# INFORMATION:
-- Opening Marker --

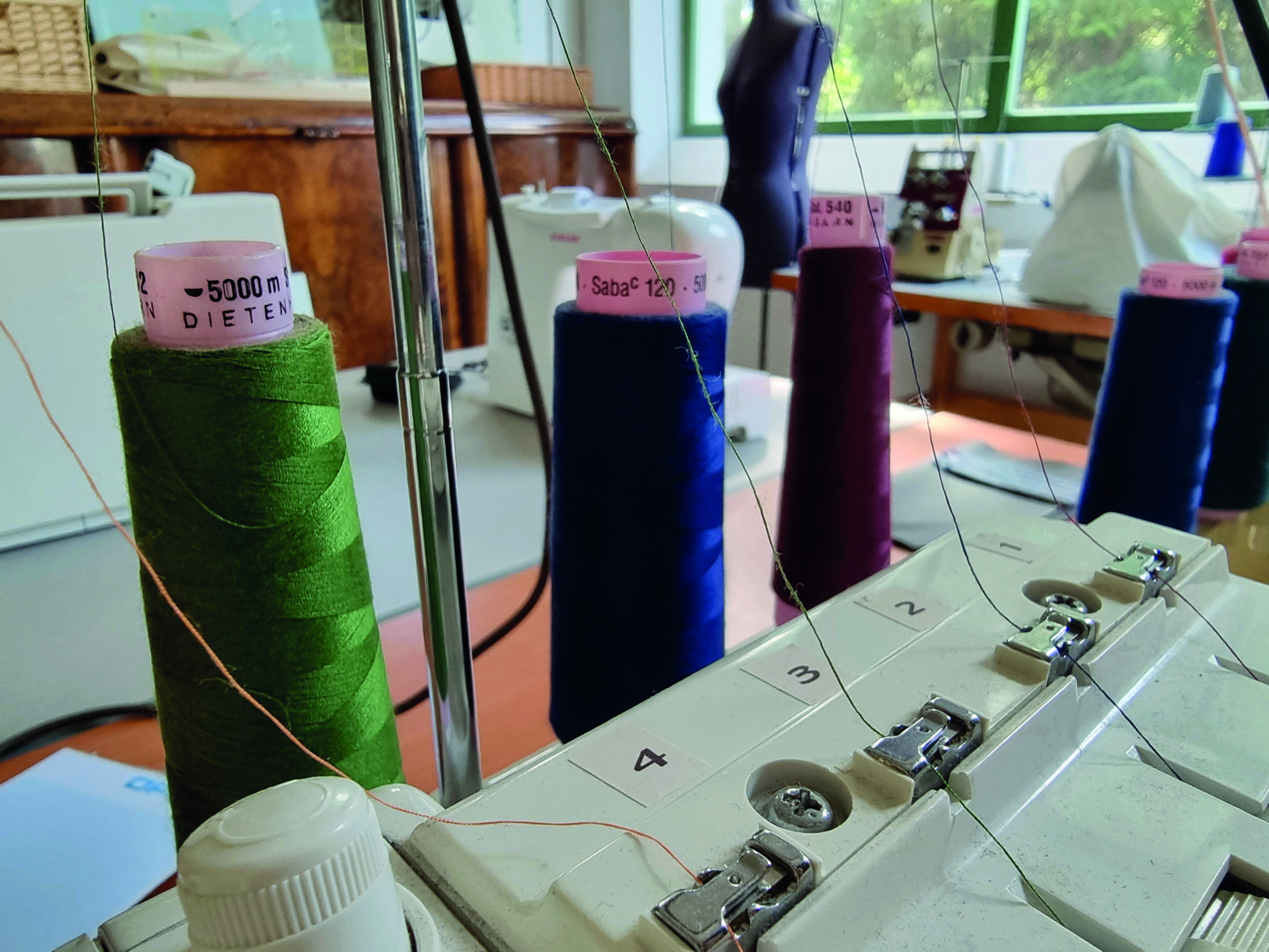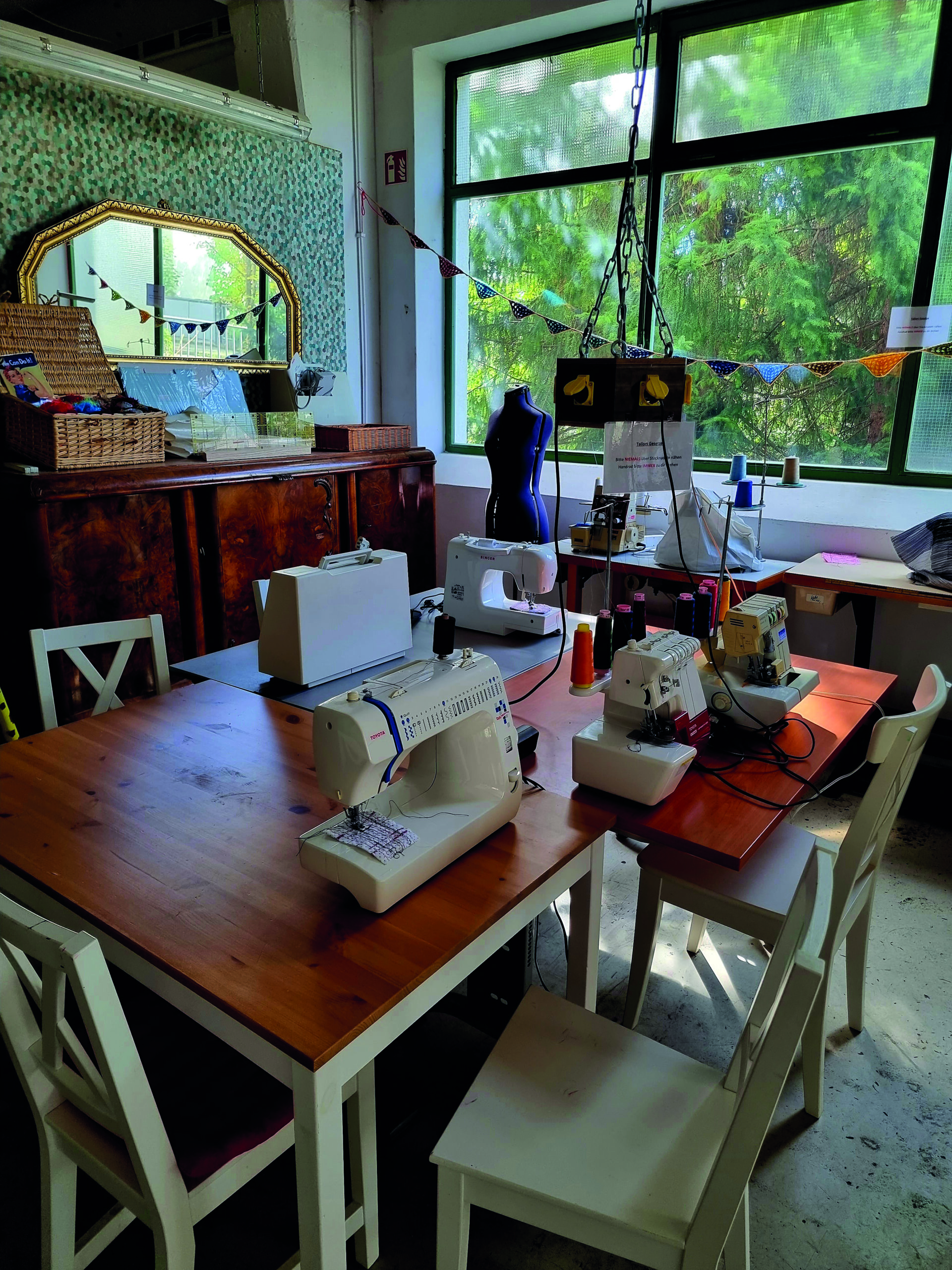 Wir bieten verschiedene Nähmaschinen, darunter auch Over Lock-Maschinen, die dir ein professionelles Nähergebnis ermöglichen. Große Tische stehen bereit, perfekt zum Zuschneiden, Abstecken und Vorbereiten deiner Stoffe.
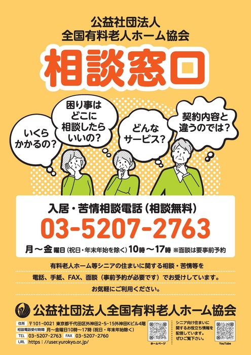 当協会では、こうした多様化するニーズに応えるため、専門の相談員が無料で対応する「相談窓口」を設置しており、電話・HPお問合せ(メール)・来訪(事前予約制)など柔軟な相談体制を整えています。ホーム探しでお悩みの方にとって、安心して相談できる場としてご活用いただいています。
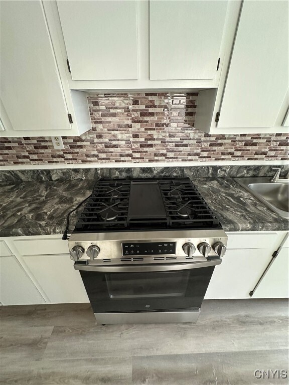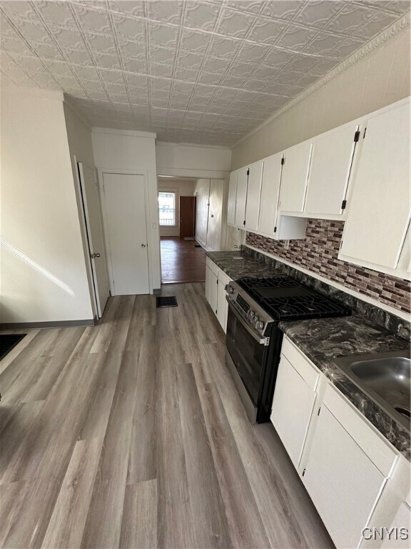 A totally renovated apartment,town house style. Large living room with hardwood floors. Eat in kitchen with new gas stove/oven and luxury vinyl flooring. First floor half bath. Upstairs are the 2 bedrooms with a central,Jack & Jill style full bath. There is a washer + dryer in the basement for your use. The front porch is yours to enjoy as well along with a back entrance with a landing. Quiet neighborhood.
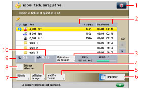 Pour ajouter un fichier, supprimer le fichier sélectionné ou modifier le nom de fichier.
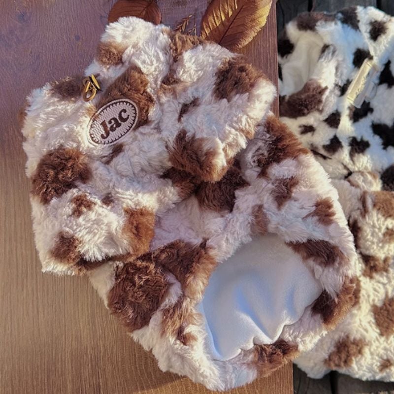 ホルスタイン柄ふわもこボアのトップス 犬服 00555
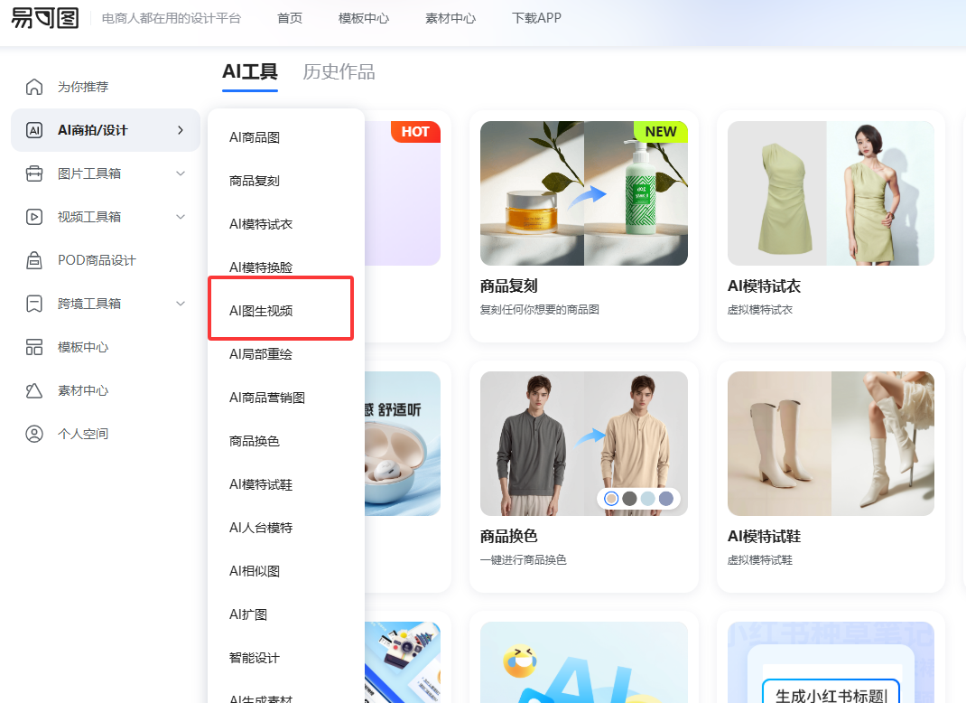 AI 图生视频功能可以在易可图平台的【AI 商拍 / 设计】板块找到入口,其核心能力是根据用户上传的图片和关键词描述,自动生成 5 秒或 10 秒的动态视频。该功能无需专业拍摄设备和剪辑技巧,极大降低了商品视频的制作门槛,让普通电商从业者也能轻松产出具有吸引力的营销内容。
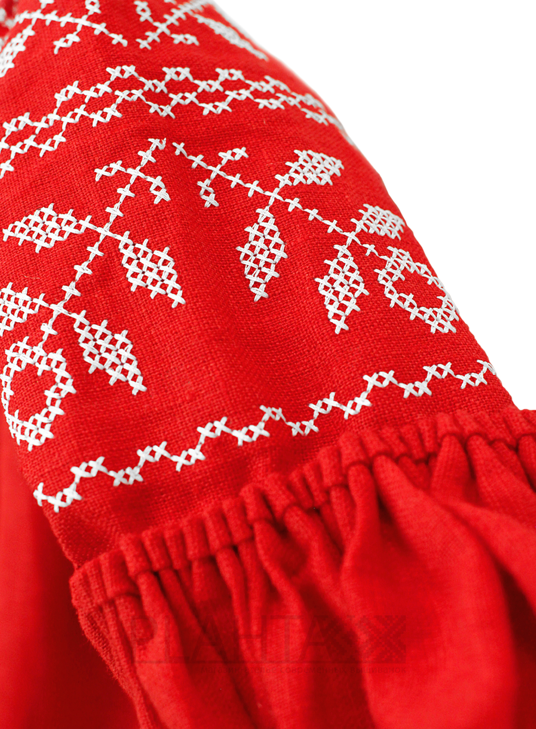 Довжина - 74 см. Пошиття - цілісний фасон з вирізом посередині. На горловині та рукавах використані традиційні українські техніки "збиранка" та "пухлики". На рукавах - застібки-гудзики. Вишивка зроблена на промислових японських вишивальних машинах якісними нитками, що не линяють. Виріб зшитий вручну нашими майстринями.
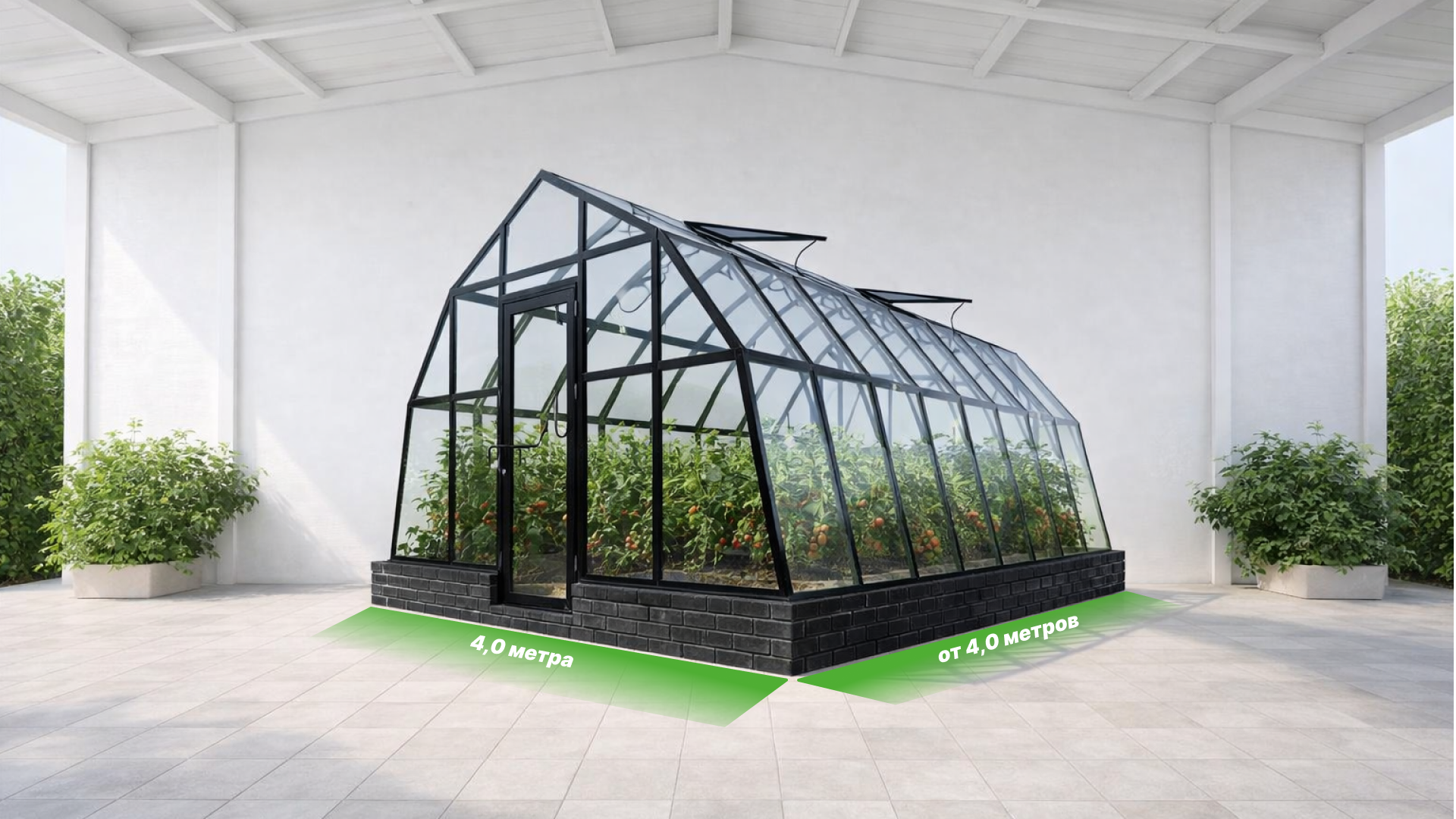 - Ширина 4,0 метра и высота 2,7 метра формируют просторный внутренний объём. Увеличенный воздушный буфер стабилизирует температуру, вы получаете комфортные условия для высокорослых культур и удобство работы в полный рост.

-- Closing Marker --

Please return the material above unchanged, with every picture removed.

# WORKED SOLUTION:
 Wir bieten verschiedene Nähmaschinen, darunter auch Over Lock-Maschinen, die dir ein professionelles Nähergebnis ermöglichen. Große Tische stehen bereit, perfekt zum Zuschneiden, Abstecken und Vorbereiten deiner Stoffe.
 当協会では、こうした多様化するニーズに応えるため、専門の相談員が無料で対応する「相談窓口」を設置しており、電話・HPお問合せ(メール)・来訪(事前予約制)など柔軟な相談体制を整えています。ホーム探しでお悩みの方にとって、安心して相談できる場としてご活用いただいています。
 A totally renovated apartment,town house style. Large living room with hardwood floors. Eat in kitchen with new gas stove/oven and luxury vinyl flooring. First floor half bath. Upstairs are the 2 bedrooms with a central,Jack & Jill style full bath. There is a washer + dryer in the basement for your use. The front porch is yours to enjoy as well along with a back entrance with a landing. Quiet neighborhood.
 Pour ajouter un fichier, supprimer le fichier sélectionné ou modifier le nom de fichier.
 ホルスタイン柄ふわもこボアのトップス 犬服 00555
 AI 图生视频功能可以在易可图平台的【AI 商拍 / 设计】板块找到入口,其核心能力是根据用户上传的图片和关键词描述,自动生成 5 秒或 10 秒的动态视频。该功能无需专业拍摄设备和剪辑技巧,极大降低了商品视频的制作门槛,让普通电商从业者也能轻松产出具有吸引力的营销内容。
 Довжина - 74 см. Пошиття - цілісний фасон з вирізом посередині. На горловині та рукавах використані традиційні українські техніки "збиранка" та "пухлики". На рукавах - застібки-гудзики. Вишивка зроблена на промислових японських вишивальних машинах якісними нитками, що не линяють. Виріб зшитий вручну нашими майстринями.
 - Ширина 4,0 метра и высота 2,7 метра формируют просторный внутренний объём. Увеличенный воздушный буфер стабилизирует температуру, вы получаете комфортные условия для высокорослых культур и удобство работы в полный рост.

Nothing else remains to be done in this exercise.